Como reduzir o índice de gravidez na adolescência seus traumas e riscos
A prevenção é fundamental e ela passa pela educação. Nesse sentido, em janeiro de 2019 foi instituída por lei a Semana Nacional de Prevenção da Gravidez, que ocorre, anualmente, do dia 1º ao dia 08 de fevereiro. O objetivo desta Semana é disseminar informações sobre medidas preventivas e educativas que contribuam para reduzir a incidência de gestação na adolescência.
Os desafios do tema
Apesar da mudança de comportamento na sociedade contemporânea, as famílias ainda continuam a não abordar esse tema com as suas filhas. Isto é um importante fator que contribui para essa grave realidade. De acordo com a médica, os pais ainda são bem resistentes em falar claramente com os filhos sobre vida sexual. O pensamento da família da adolescente ainda é “se falarmos sobre sexo, ela vai ser estimulada a iniciar a vida sexual”, quando, na verdade, o pensamento deveria ser: “ela vai iniciar a vida sexual quando quiser, então melhor que seja de uma forma orientada”.
Em uma gravidez na adolescência, a pergunta que se segue é com relação ao pai do bebê. Ele é também um adolescente ou um adulto? A resposta é difícil de dizer por que não há uma contabilização formal e em números absolutos, pelo IBGE, ou por qualquer outro centro de pesquisa, observa a Dra. Júnia Boroni. Os poucos dados dizem respeito ao Estado de São Paulo, onde a maioria dos parceiros de gestantes adolescentes são adultos, com média de idade de 22 anos.
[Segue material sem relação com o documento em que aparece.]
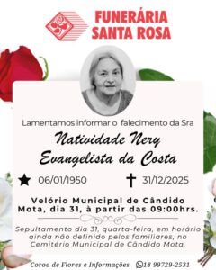 REGIÃO – Em Cândido Mota, será sepultada a senhora Natividade de Nery Evangelista da Costa (foto abaixo), de 75 anos.

Conforme a médica relata, “o pai adolescente passa a desempenhar simultaneamente dois papéis, que são aparentemente contraditórios: ser adolescente e ser pai. E isso se torna um fator estressor. Ser adolescente implica um processo de busca da consolidação de um senso de identidade próprio a partir da experimentação sexual, da ampliação do mundo social e da busca de independência dos pais. Ser pai é ter que assumir responsabilidades sobre escolhas de vida afetivas e de trabalho e ter sua liberdade restringida. Na vida adulta, mesmo com uma gestação não planejada, há uma tendência deles terem maturidade emocional e condições estruturais para o suporte da família”.
Dentro dessa realidade, o índice de aborto é também um fato. No Brasil, a taxa de abortamento na adolescência é de cerca de 10%, com sua maior parte ocorrendo de 17 a 19 anos. A maioria das mães adolescentes permanece com os filhos, o que é possível, muitas vezes, a uma rede de apoio dos familiares. Geralmente, são os avós maternos que acabam assumindo a criação, dando oportunidade da mãe adolescente retornar à escola e dar seguimento à sua formação profissional.
A prevenção começa em casa, afirma a Dra. Júnia Boroni. “Acho que os pais devem procurar meios para que os assuntos sobre a sexualidade e todas as suas repercussões. Se eles não souberem como fazer esta abordagem, minha orientação é que consultem um Ginecologistal que pode introduzir os conceitos de educação sexual de maneira adequada”.
As grandes campanhas públicas são importantes demais no sentido de “popularizar” o assunto. “Mas acredito muito que a efetividade em prevenir a gravidez na adolescência ocorre quando falamos de uma forma mais próxima para os jovens. Aí entra o papel fundamental das escolas e dos pais. As medidas educativas e preventivas através das mídias sociais têm importante papel ao tratarem do assunto da maneira que o adolescente entende e absorve”, conclui a especialista.